For Beaumont, a capable but unexceptional surgeon, this case inspired similar dreams. His wounded patient was a difficult case, but one he knew how to handle. But when the incompletely closed wound enabled Beaumont to investigate the digestive process by inserting and extracting foods and juices, the surgeon dreamed of something bigger, fame and fortune, a chance to mingle with the celebrated academic physicians of his day. Both patient and doctor signed a contract, one of the first written examples of informed consent.
Speaking to an all-doctor audience at the ethics conference, the University of Chicago’s Daniel Sulmasy lauded the book for its realistic clinical details, its “short chapters, for physicians with limited attention spans,” and the breadth of ethical issues raised-including costs of care, divided loyalties, the lure of prestige and the decision to use a patient in desperate need as a “ticket into the world of the medical elite.”
No stranger to divided loyalties, Karlawish had covered his bases. Two days before the conference he and a colleague published a commentary in JAMA on the importance of telling a good story in relating scientific knowledge to the public.

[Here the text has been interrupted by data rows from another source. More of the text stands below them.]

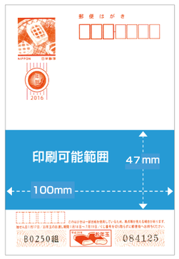 印刷範囲は、ハガキ内 100×47mmの範囲(画像参照)です。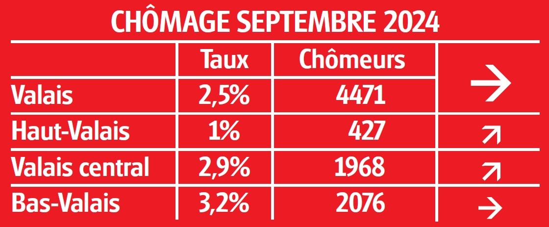 À la fin septembre, 4’471 chômeurs étaient inscrits auprès des Offices régionaux de placement (ORP) valaisans, soit 128 de plus que le mois précédent. Le taux de chômage en Valais est resté stable à 2,5%.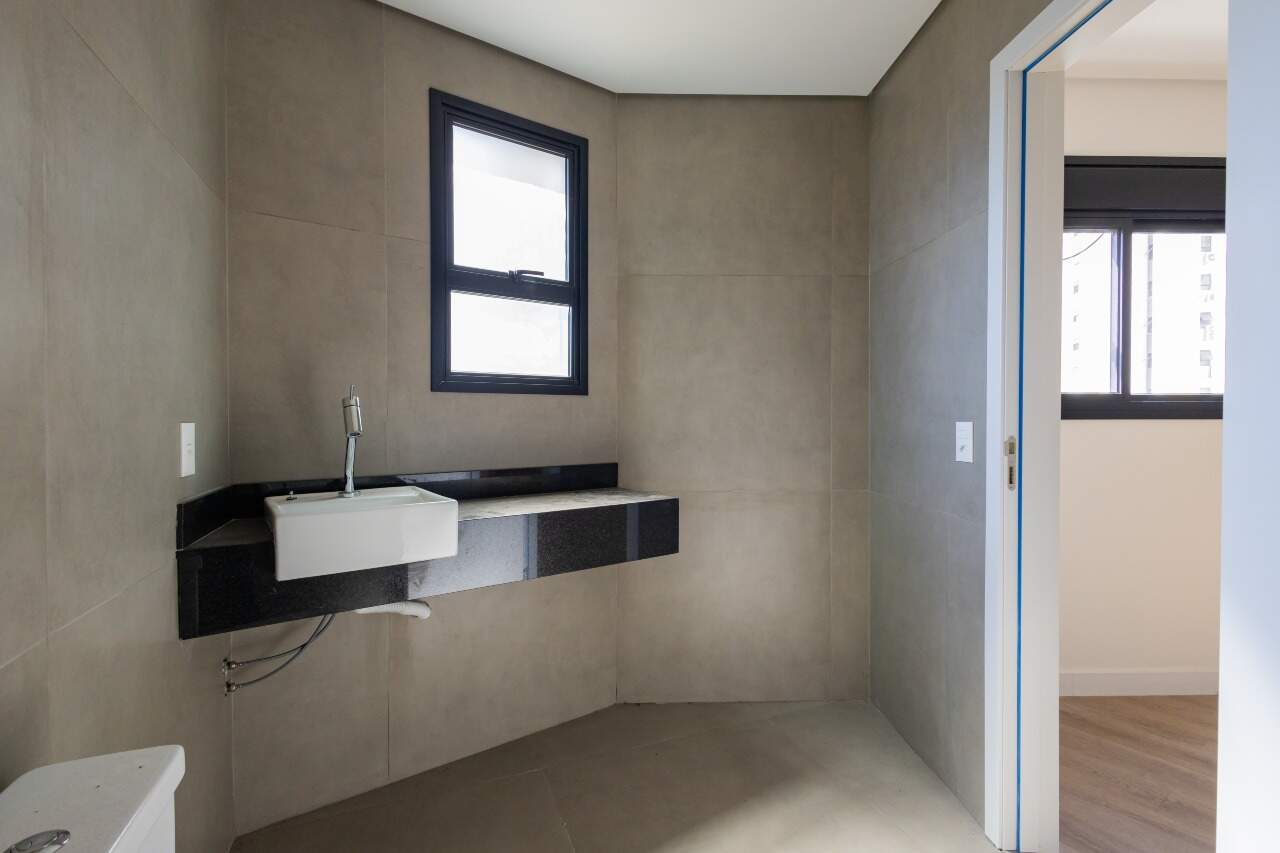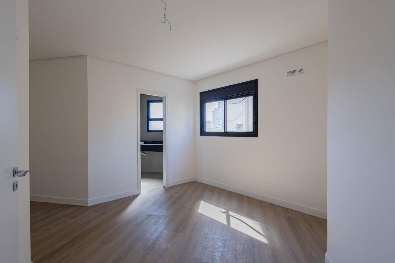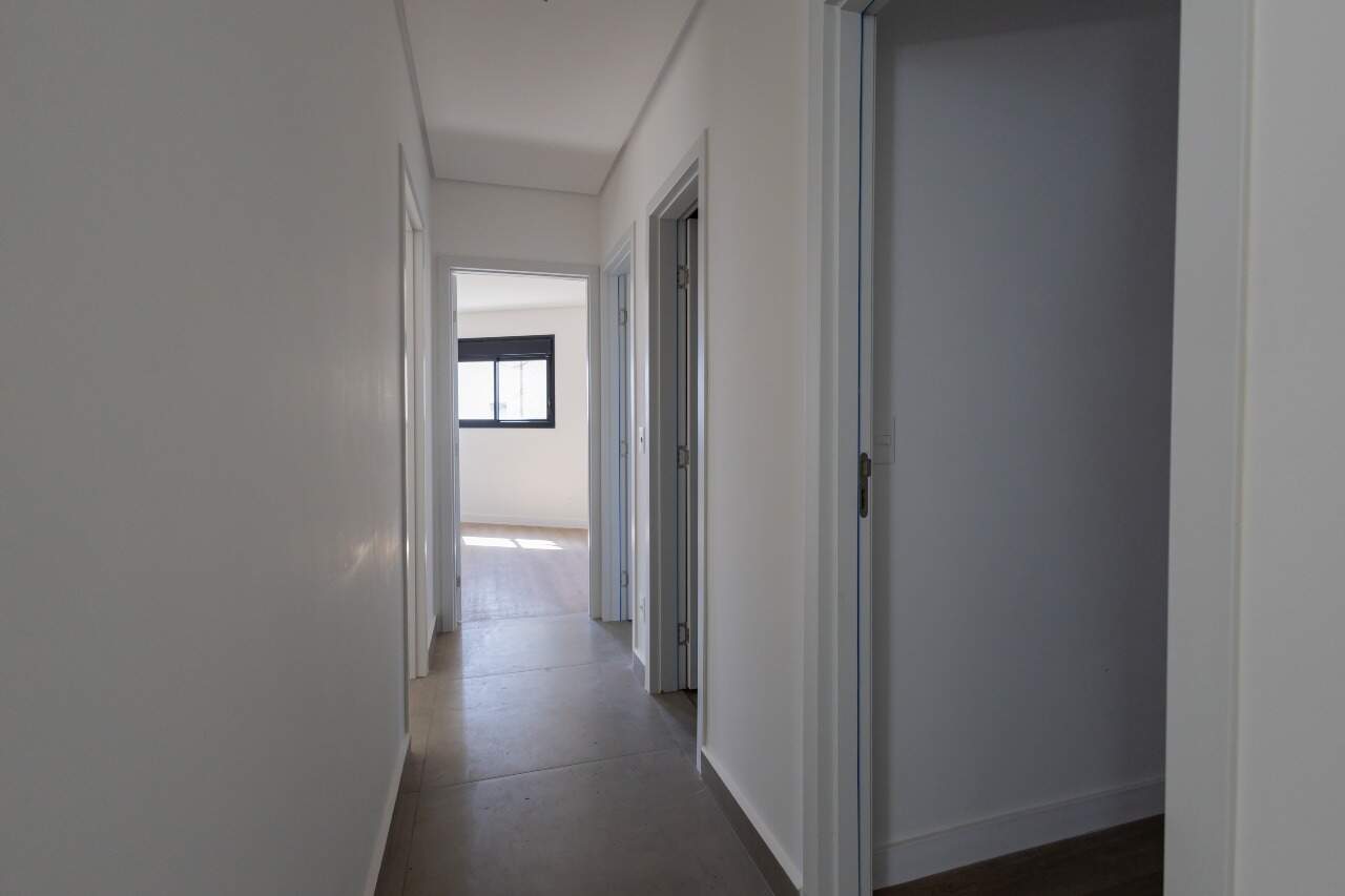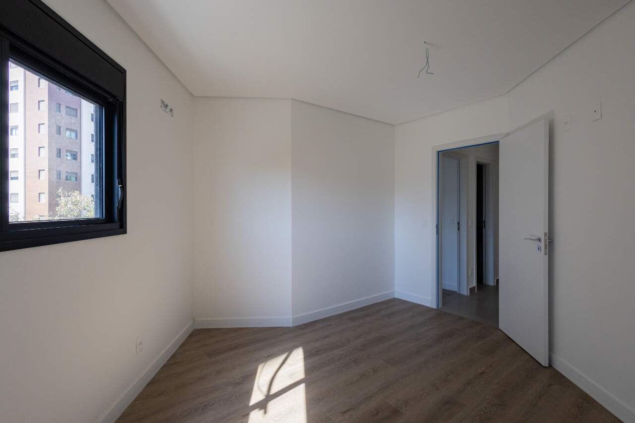 Apresenta piso em porcelanato nas áreas sociais e molhadas. Quartos e circulação contam com revestimento em laminado de madeira. As janelas dos quartos dispõem de persianas integradas.

“Patients and families have the right to tell their stories,” they wrote. “But what about scientists? Facts and figures are essential, but insufficient, to translate the data and promote the acceptance of evidence-based practices and policies. Narratives – in the forms of storytelling, testimonials and entertainment – have been shown to improve individual health behaviors in multiple settings… Stories are an essential part of how individuals understand and use evidence.”